Томас не стал говорить Ньюту, что тот ему нужен. Слова сейчас бы сделали намного хуже. Вместо этого виолончелист сжал руку блондина, коротко его поцеловал, а потом, встав, взял стоявшую в углу виолончель, начиная играть. Инструмент брался в руки редко, не до этого было Томасу. Он ходил по множеству юридических агентств, по множеству больниц, отсуживая невиновность Ньюта в аварии и его инвалидность. Уладить ситуацию удалось, но ради этого брюнету пришлось сделать то, что сломало его гордость. Ему пришлось позвонить отцу и попросить его помощи. Отец его всегда был широко известен среди адвокатов не только своего города, но и многих других. И только он мог сделать так, чтобы дело не довели до суда, иначе бы на суде всплыл тот факт, что Ньют – участник нелегальных гонок. И большая часть вины все-таки была на нем. В смерти водителя парень, конечно, виноват не был, но вот авария… Тут был полностью виноват блондин. Томас это осознавал, а потому через неделю после аварии позвонил матери. Впервые за три месяца он услышал ее голос. Женщина была удивлена. Она не плакала, не сказала, что скучала, ведь по ее голосу было слышно, что она безумно скучала по сыну. Он по ней тоже. Но на душещипательные беседы просто не было времени, а потому Томас все-таки попросил дать трубку отцу. И вот тогда был самый сложный разговор в жизни парня. Ему приходилось объяснять отцу все мелочи, с трудом утаивая тот факт, что Ньют приходился ему не просто другом. После долгого разговора, выслушав всё, что требовалось от самого Томаса и от Ньюта, парень смог немного успокоиться. Когда же все окончательно было улажено, виолончелист смог чаще приходить в больницу. И играть художнику несмотря на то, что в больнице запрещалось шуметь. Но ведь музыку нельзя было назвать шумом, да и пациентам из других палат нравилось, а потому ничего не мешало Томасу играть песни своих и Ньюта любимых групп.

Сегодня виолончелист играл «Young and Beautiful» Ланы. Пришедшие на музыку пациенты из других палат, против которых парни совершенно ничего не имели, завороженно смотрели на то, как тонкие пальцы виолончелиста перебирают струны и ловко водят по ним смычком. Музыка завораживала каждым своим звуком. Откуда со стороны послышалось тихое, а потом всё более нарастающее пение. Обернувшись в сторону дверей, Ньют заметил белокурую девочку с огромными карими глазами. Она сидела в инвалидное коляске и, водя в воздухе правой рукой в такт песне, подпевала. Так продолжалось две недели, девчушка, которую звали Элли, каждый день приезжала к Ньюту. Однажды она, краснея от смущения, попросила художника нарисовать ее.

- Я передам портрет маме, когда встречусь с ней там, - девочка мотнула головой вверх, - на небе.

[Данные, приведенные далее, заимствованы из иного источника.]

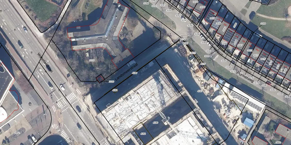Het perceel waarop Waterlandlaan 7-W staat heeft een oppervlakte van 3607 m². Dit is een zeer groot perceel. De perceeloppervlakte wordt geregistreerd door het Kadaster. Gedetailleerde informatie over de maten van dit perceel kunt u vinden in het rapport Kadastrale kaart met maatvoering van Waterlandlaan 7-W.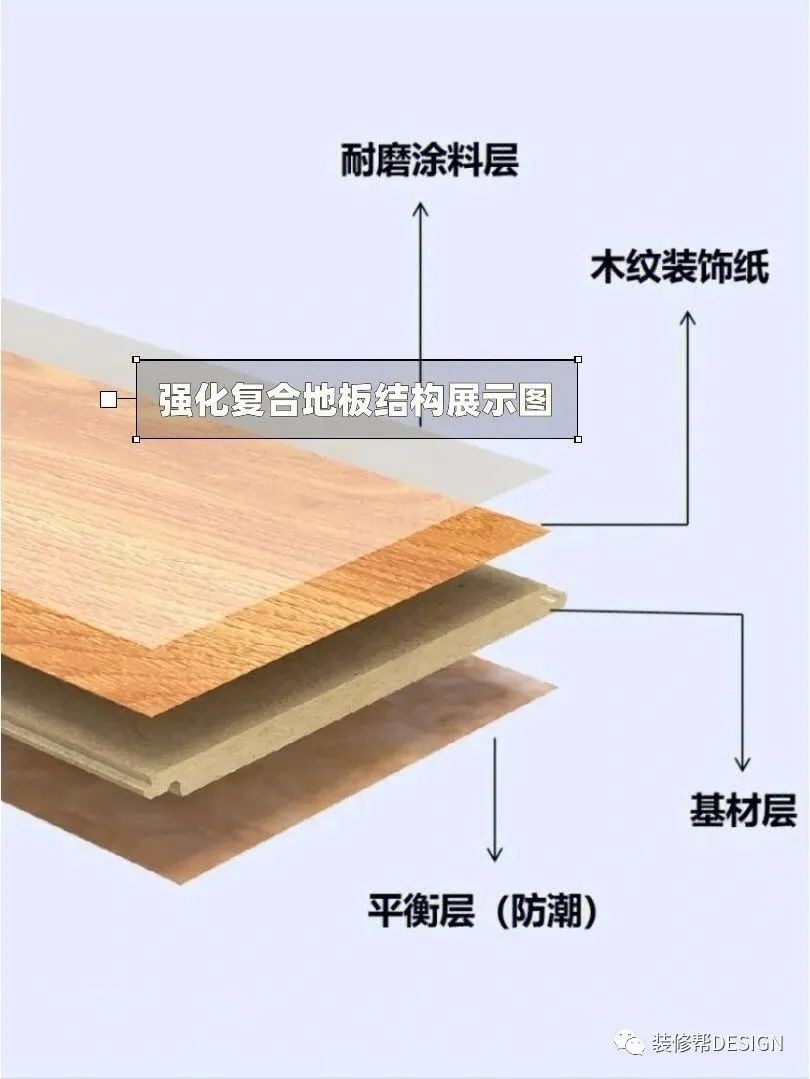 强化复合地板, 是指表面是耐磨层和装饰纸,中间是经热压成型的人造基材,底部是平衡防潮层的地板。

Ньют чувствовал, как глаза защипало, но, протерев их, он улыбнулся девочке. И нарисовал ее. Это был второй портрет в его жизни, который действительно был красивым. Элли, в отличие от Томаса, который постоянно ерзал, сидела спокойной, ровно держа голову. Ее белые кудри лежали у нее на плечах, перевязанные ярко-синей ленточкой. Изобразить этот цвет было нельзя, потому что у Ньюта, к сожалению, не было цветных карандашей. Но он пообещал, что как только они у него будут, он обязательно раскрасит этот рисунок. Но он не успел. Через два дня Элли не стало. Ее маленькое сердечко не выдержало.

Именно тогда Ньют почувствовал, что он сломлен. Он жив. А зачем? Ведь та маленькая девчушка, заслуживавшая жизни намного больше, была теперь мертва. Ньют опять замолчал на несколько дней. Врач, совершавший осмотр несколько раз в день, поставил диагноз, прозвучавший совершенно ожидаемо: депрессия. Помимо множества лекарств и капельниц, что принимались до завтрака, после завтрака, до обеда и после, до ужина и после него, перед сном, а то есть постоянно, теперь еще прибавились и антидепрессанты с множеством побочных эффектов. Ньют худел и бледнел на глазах, отказывался от еды, почти не спал. Его приходилось уговаривать, как ребенка. Парень даже забросил рисование. Он больше не пытался даже сесть, хотя до этого он очень хотел и пытался это сделать. Теперь же наступила полная апатия. Томас вытащил Ньюта из этой депрессии, вернул его в состояние более менее близкое к нормальному. Но упадок сил и худоба остались вместе с художником, а потому, когда его выписывали, Томасу не составило труда вынести Ньюта из больницы на руках. Парень был необычайно легким, будто весил не больше маленького ребенка.